The partition of Ireland into separate legal jurisdictions in 1921 was of immediate concern to Heron as she approached her final solicitor’s exam the following year. The charter to incorporate the Northern Ireland Law Society was granted on 10 July 1922 but the founding legislation was not enacted until December 1922. The Dublin Law Society resolved the lacuna whereby: ‘those apprenticed on 1 October 1921, be allowed to finish apprenticeship under Dublin’. Heron sat the final examination of the Dublin Law Society on 3–5 January 1923. Remarkably, this was the only Law Society examination taken by Heron as her degrees exempted her from the prior examinations. She excelled in the examination, obtaining second place and a special certificate. The Belfast Telegraph on 3 February 1923 referred to her as ‘The First Lady of the Law’ and praised ‘her distinguished answering’, comparing her with Frances Kyle, also from Belfast, who was the first woman called to the bar on 1 November 1921. Heron was admitted to the Roll on 17 April 1923, becoming the first woman solicitor in Ireland, one of the last cohort of solicitors entitled to practise in both jurisdictions. ‘Miss Heron thinks law as a career for women compares favourably with teaching – more variety and interest in it and less drudgery’ (The Vote, 15 June 1923).

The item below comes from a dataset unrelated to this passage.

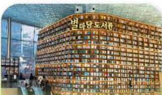
ห้องสมุดสตาร์ฟิช

เก็บทุกไฮไลท์ ในกรุงโซล ตั้งแต่ความงดงามของ พระราชวังเคียงบ็อก ชมวิวสุดอลังการที่ ตึกลิออตเต้ โซลสกาย (รวมค่าลิฟต์ขึ้นตึก) สวนสนุกมินีสที่ สวนสนุกลือตเต้ เวิร์ล (รวมค่าบัตรเครื่องเล่น) เพลิดเพลินไปกับโลกใต้ทะเล ลีออตเต้ อควาเรียม (รวมค่าบัตรเข้าชม) เช็กอินแลนด์มาร์กสุดฮิตอย่างห้องสมุดสตาร์ฟิช โคเอกมอลล์ เดินเล่นย่านฮิป บรูกลินเกาหลี ชองชูดง และช้อปปิ้งซัมเมอร์เซล สูดฟิน ย่านเมียงดงและฮงแด

She returned to her uncle’s firm, where she commenced practice but then disappears from the archives as she did not take out annual practising certificates for the years 1923–46. There was a convention that lasted until 1974 that office-bound solicitors did not require practising certificates. This convention was not gender specific to women, it also applied to men, saving the firms the practising certificate fees.

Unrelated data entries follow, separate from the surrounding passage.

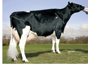
Kamps-Hollow Durham Altitude EX-95
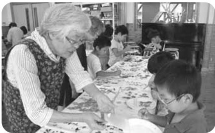
押し花で絵をかこう (イフツツジ会)

綾町児童館は、児童に健全な遊びを与えて、その健康を増進し、又は情操を豊かにすることを目的として平成11年4月開館、17年目を迎えています。綾小中学校より徒歩で数分、中央ふれあい公園に隣接と環境にも恵まれ、小学生を中心に1日平均98名、年間延べ2万6千人程の利用があり異年齢交流の場にもなっています。館内には遊戯室、集会室、図書室、調理室、児童クラブ室があり、全ての児童が気軽に利用でき、サッカー、一輪車、ドッジボールなどいろいろな遊びや、合同オセロ大会、合同プラバン工作など、児童館と児童クラブ児童の交流を目的とした合同の行事、各施設・団体との交流会、おもちゃ病院、詩吟教室他、さまざまな体験ができる「遊びの広場」です。利用は原則として無料です。
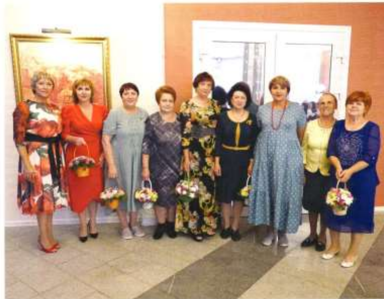
Ветераны финансового управления

В настоящее время численность работников в Финансовом управлении составляет 18 человек, из них 13 человек имеют стаж работы более 10 лет. Структура включает в себя 4 отдела: бюджетный, прогнозирования доходов и муниципального долга, казначейского исполнения бюджета, бухгалтерского учета и отчетности.

In 1923–4 Heron’s parents died within four months of each other. There was little money: James’s estate was valued at £559, 14s, 10d whilst Mary’s was a mere £5. Dorothea and her four younger siblings moved to Belfast to live with their uncle, Samuel Heron, an architect who designed many modern presbyterian churches. Further tragedy struck when her niece Elizabeth Heron Campbell was orphaned. Dorothea became her guardian and Elizabeth resided with her. Retiring from practice in 1946, she moved in 1954 to Rostrevor to live with her uncle Samuel, who died on 19 March 1957. She then purchased a house on Strand Road, Portstewart, Co. Londonderry, contingent to her sister, Faithful Singer Brewster, in nearby Coleraine. Dorothea Heron died on 9 October 1960 at Coleraine Hospital from a stroke aged sixty-four. She was buried with her uncle Samuel at Clonallan churchyard, near Rostrevor. Her ‘probate effects were £8,931 17s 4d’, and her devises included the sum of £500 to the trustees of Rostrevor presbyterian church.

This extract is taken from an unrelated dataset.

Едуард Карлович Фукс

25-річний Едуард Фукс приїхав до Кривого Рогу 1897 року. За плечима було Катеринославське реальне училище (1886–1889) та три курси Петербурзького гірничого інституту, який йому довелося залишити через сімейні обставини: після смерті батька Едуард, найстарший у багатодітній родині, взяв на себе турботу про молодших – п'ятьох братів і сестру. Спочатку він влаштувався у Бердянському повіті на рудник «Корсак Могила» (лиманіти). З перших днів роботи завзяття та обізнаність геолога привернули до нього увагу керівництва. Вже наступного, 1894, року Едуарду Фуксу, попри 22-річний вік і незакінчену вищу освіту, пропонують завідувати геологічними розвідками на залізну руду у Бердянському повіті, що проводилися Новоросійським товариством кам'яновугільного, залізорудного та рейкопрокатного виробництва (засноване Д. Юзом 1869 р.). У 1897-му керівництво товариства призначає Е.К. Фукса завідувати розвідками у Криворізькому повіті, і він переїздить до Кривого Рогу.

Heron was pleased to be the first woman admitted as a solicitor in Ireland but, self-contained and self-effacing, never extolled or flaunted her achievement. The death of both her parents in quick succession placed her in a maternal role to her much younger siblings, circumscribing her own expectations of career advancement, with marriage remote due to the large numbers of men killed in the war. Her life was one of service to her family and her presbyterian faith, which her grandfather described as ‘the most powerful agent in Ulster history and has given moral and religious tone to the community’ (Heron, 6). This was exemplified by her values, based on service to others and an austere approach to life and death, which made her a person of probity, worthy to be the first woman solicitor in Ireland.